(Source data begins)
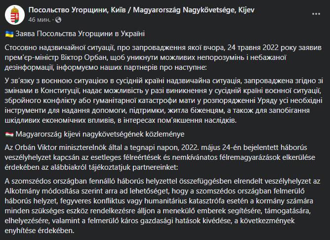 Посольство Венгрии в Украине опубликовало разъяснение по введению режима чрезвычайной ситуации в государстве.
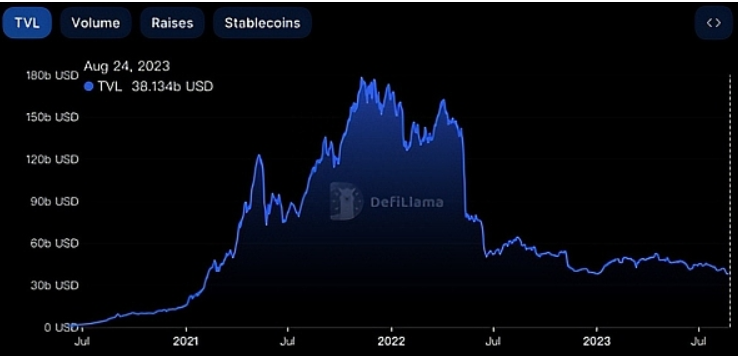 此外,本月DeFi TVL 的锁仓量也持续下降,触及2021 年2 月以来的最低点,目前约为381.34 亿美元。与2021 年Defi Summer 期间超过1700 亿美元的峰值相比,下降了70% 以上。
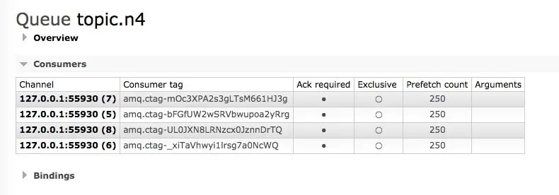 @RabbitListener(bindings = @QueueBinding(value = @Queue(value = "topic.n4", durable = "false", autoDelete = "true"),
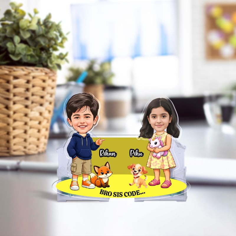 Personalized Brother & Sister Bobblehead Caricature Custom with Face Cutout Perfect for Birthdays, Raksha bandhan, and Home Decor Battey Powered Moving Head
(Source data ends)
Print the material above word for word, and keep the pictures out of it.

• _Answer_
 Посольство Венгрии в Украине опубликовало разъяснение по введению режима чрезвычайной ситуации в государстве.
 此外,本月DeFi TVL 的锁仓量也持续下降,触及2021 年2 月以来的最低点,目前约为381.34 亿美元。与2021 年Defi Summer 期间超过1700 亿美元的峰值相比,下降了70% 以上。
 @RabbitListener(bindings = @QueueBinding(value = @Queue(value = "topic.n4", durable = "false", autoDelete = "true"),
 Personalized Brother & Sister Bobblehead Caricature Custom with Face Cutout Perfect for Birthdays, Raksha bandhan, and Home Decor Battey Powered Moving Head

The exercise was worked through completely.